In contrast to the prior art, the tooth segment is not connected in a fixed manner to the seat substructure or the seat adapter unit but is mounted pivotably on the seat back rotational axis or bearing journal. The tooth segment can thus be pivoted or rotated relative to the seat adapter unit. According to the invention, the tooth segment thus has the possibility of pivoting freely in the freewheel range or idle travel sector of the cutout. A free travel movement of the tooth segment is thereby made possible, and this can be used to activate the blocking mechanism. In this context, a free travel movement of the tooth segment should be understood to mean, in particular, a movement of the tooth segment during which there is no seat back movement. By means of the free travel movement, a tooth segment movement that can be used to actuate or unlock the blocking mechanism is ensured. In other words, the freewheeling of the blocking element enables activation or actuation of the blocking mechanism, thus ensuring release (unblocking, unlocking) of the blocking mechanism, even without an additional drive. A particularly suitable functional unit is thereby achieved; in particular, the functional unit is thus embodied in a way which is particularly compact in terms of installation space and reduces the weight of the structure since a separate drive for actuating the blocking mechanism can be omitted.
In the installed or assembled state, the functional unit and thus the blocking mechanism are arranged on a seat back side. The opposite seat back side of the seat back is preferably embodied with a similar blocking mechanism. The blocking mechanisms of the two seat back sides are coupled, for example, via a Bowden cable. The Bowden cable is coupled to the pawl system of the functional unit on the active seat back side, i.e. the seat back side having said functional unit. The two blocking mechanisms thus operate synchronously.

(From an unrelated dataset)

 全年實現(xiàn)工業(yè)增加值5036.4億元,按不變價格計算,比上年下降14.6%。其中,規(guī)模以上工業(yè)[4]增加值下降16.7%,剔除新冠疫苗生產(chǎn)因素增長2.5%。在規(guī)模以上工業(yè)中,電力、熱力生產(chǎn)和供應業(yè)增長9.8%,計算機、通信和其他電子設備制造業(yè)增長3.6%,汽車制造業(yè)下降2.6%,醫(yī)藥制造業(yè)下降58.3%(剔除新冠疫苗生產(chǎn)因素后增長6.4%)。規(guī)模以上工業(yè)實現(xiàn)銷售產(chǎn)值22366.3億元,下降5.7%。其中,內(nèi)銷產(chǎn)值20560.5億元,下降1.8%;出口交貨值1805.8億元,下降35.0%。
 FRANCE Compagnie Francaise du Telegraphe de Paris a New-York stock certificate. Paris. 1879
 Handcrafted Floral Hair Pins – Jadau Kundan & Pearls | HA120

In an advantageous embodiment, the extension is in contact in each of the blocking positions of the pawl system with the opposing stop of the freewheel. This ensures that play-free and crash-proof locking or blocking of the seat back movement is ensured despite the freewheel. In other words, the seat back can be locked without play in the end stop by means of the pawl system.
Thus, the blocking element has, for example, an upper blocking position for the pawl system (on the upper blocking element end side) and an upper stop for the extension (on the upper cutout end side) as well as a lower blocking position for the pawl system and a lower stop for the extension. In this context, the terms “upper” and “lower” refer, in particular, to the relative location with respect to the blocking element, irrespective of the actual position in the surrounding space. For example, the extension is at an upper stop when the pawl system is in a lower blocking position and vice versa.

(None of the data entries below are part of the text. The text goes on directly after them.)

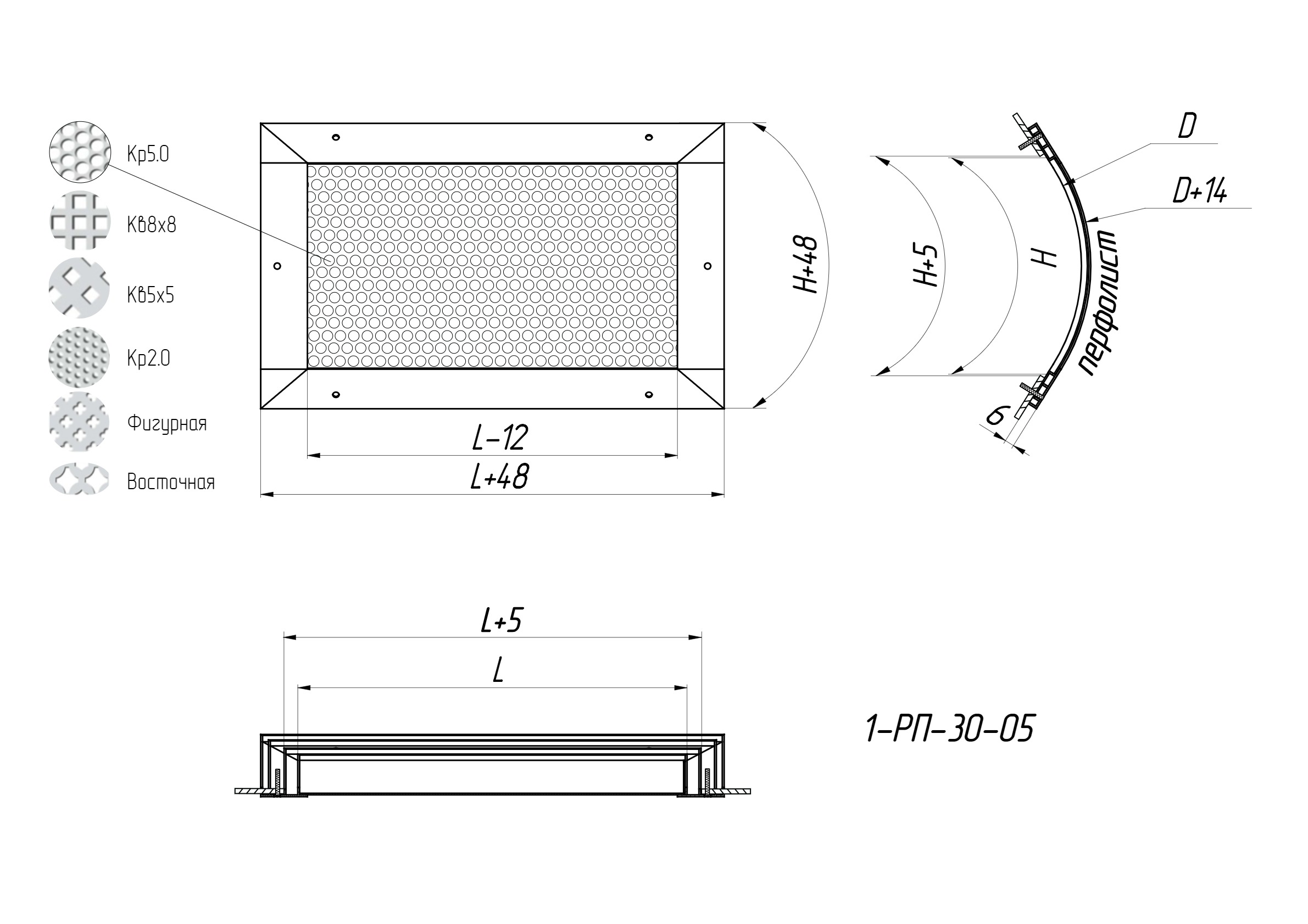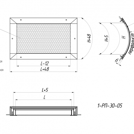 1-РП-30-05 – Single-row non-adjustable grilles are made of high-quality aluminium profiles in the form of a frame and perforated steel.
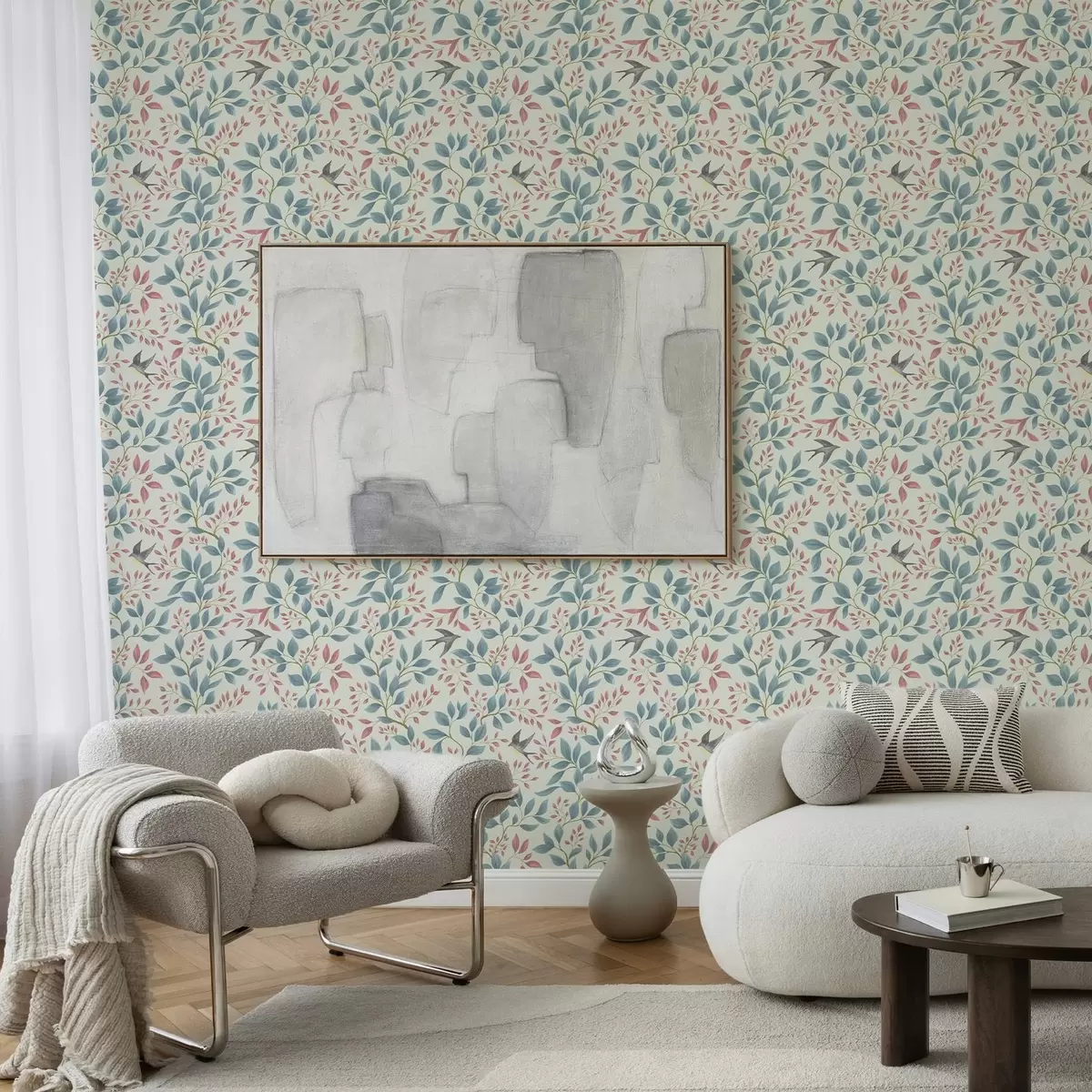 Tapeta Прозрачне гране и птице на светлој позадини менте бр. a00933v1
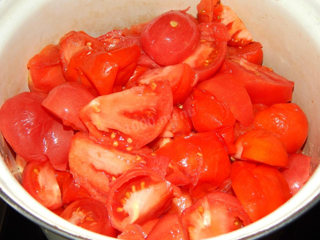 Gdy warzywa wypuszczą sok, dodaj pomidory, cukier, sól, przyprawy (z wyjątkiem liścia laurowego), pozostały ocet i wodę, wymieszaj. Przykryj pokrywką, ponownie zagotuj, zmniejsz ogień do średniego i gotuj na wolnym ogniu przez około 20 minut. Dodaj liść laurowy, wymieszaj i gotuj na wolnym ogniu przez kolejne 10 minut. Wstępnie przygotowujemy słoiki do przedmiotu obrabianego: myjemy i sterylizujemy w zwykły sposób-w łaźni wodnej lub w piekarniku, gotujemy pokrywki.
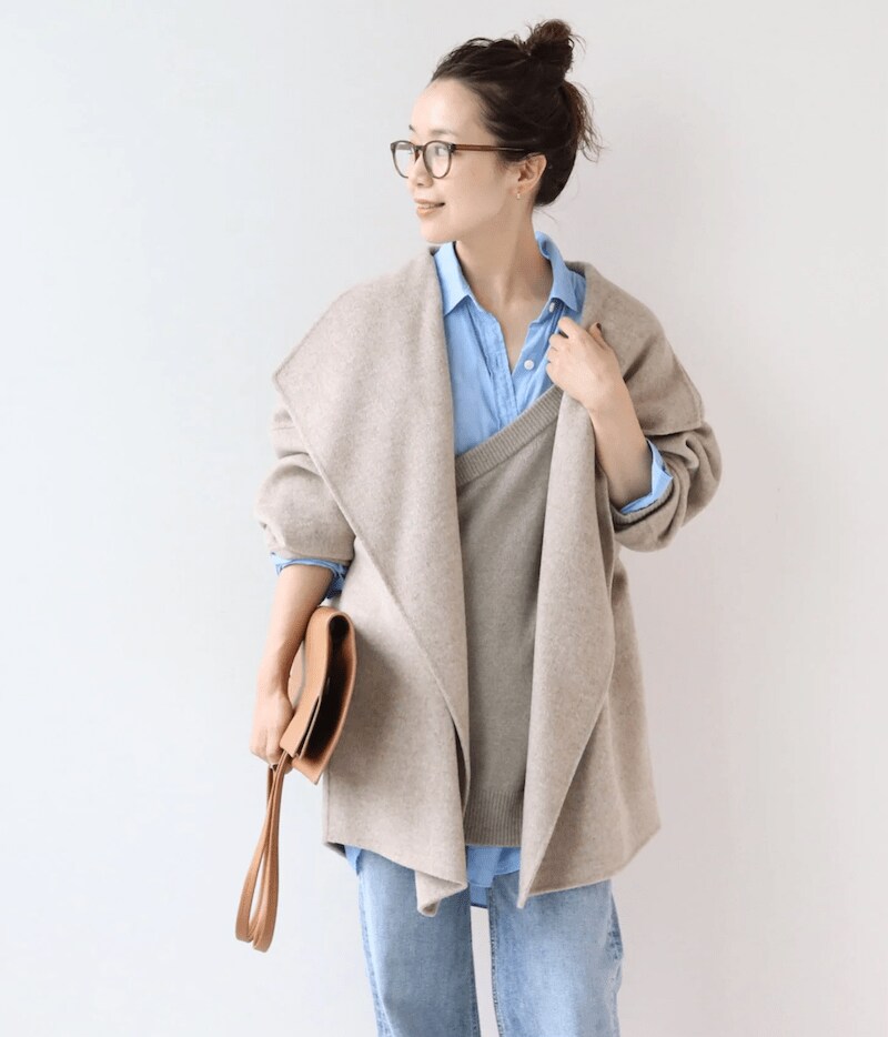 ショールを纏ったような大きな襟がポイントのミドルコートは、サッと羽織るだけで様見えが叶う優秀アイテム。柔らかく滑らかな肌触りとゆったりしたサイズ感で着心地も抜群! コート自体とても軽くて着脱も楽チン。

In a suitable development, the extension moves within the freewheel cutout from one stop to the other when the pinion adjuster performs a driving movement to move the seat back. In the course of the driving movement, the pinion adjuster drives the drive pinion in rotation, causing the pinion tooth system to run in the segment tooth system. The tooth segment, which meshes with the pinion tooth system via the segment tooth system, is thus swiveled, as a result of which the extension is swiveled in the freewheel cutout. When the extension is moved from an end position formed by the stops into an intermediate position situated in between, the pawl system is moved out of a blocking position into an intermediate position that releases the seat back movement. The functional unit is therefore embodied in such a way that the pinion adjuster activates the tooth segment in such a way that the pawl system is activated to unlock the blocking mechanism by the movement of the extension within the idle travel.

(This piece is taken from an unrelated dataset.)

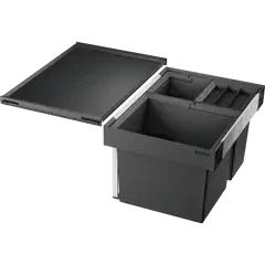 - Affaldssystem til at sætte ned i skuffen. Her kan du vælge mellem forskellige sorteringsspande, størrelser samt med eller uden låg.
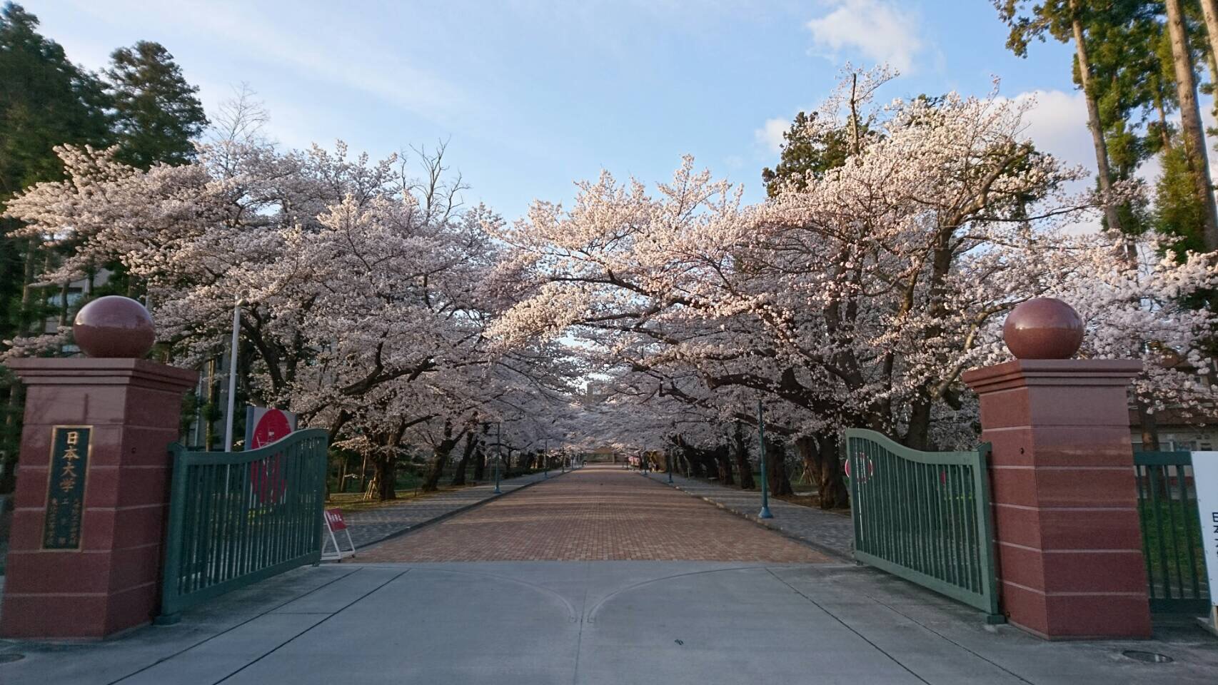日大工学部正門の桜がきれいに咲いています。

After the extension makes stop contact with the respective other stop and is thus in the opposite end position, the seat back movement takes place in that the drive pinion rolls on the now fixed tooth segment. By means of the stop, a connection, in particular a positive and/or nonpositive connection, is thus formed between the tooth segment and the fixed blocking element. The tilting or swiveling process of the seat back movement should end in a mechanical stop and should advantageously also be blocked. In the further development, this function is also performed by the blocking mechanism. During the seat back movement, the pawl system is transferred to the respective other blocking position, with the pawl system being released at the end of the seat back movement, with the result that it moves into the corresponding blocking position of the fixed blocking element on account of the spring preload, and the seat back is thus blocked in its seat back position. The unlocking of the blocking mechanism and the seat back movement are thus controlled by means of a common driving movement of the pinion adjuster, thereby shortening the adjustment time of the seat back.
Here and below, the conjunction “and/or” should be understood in such a way that the features linked by means of this conjunction can be formed jointly or as alternatives to one another.
Here and below, “positive engagement” or a “positive connection” between at least two interconnected parts is understood, in particular, to mean that the interconnected parts are held together at least in one direction by direct interlocking of contours of the parts themselves or by indirect interlocking via an additional connecting part. The “blocking” of movement relative to one another in this direction is therefore dependent on shape.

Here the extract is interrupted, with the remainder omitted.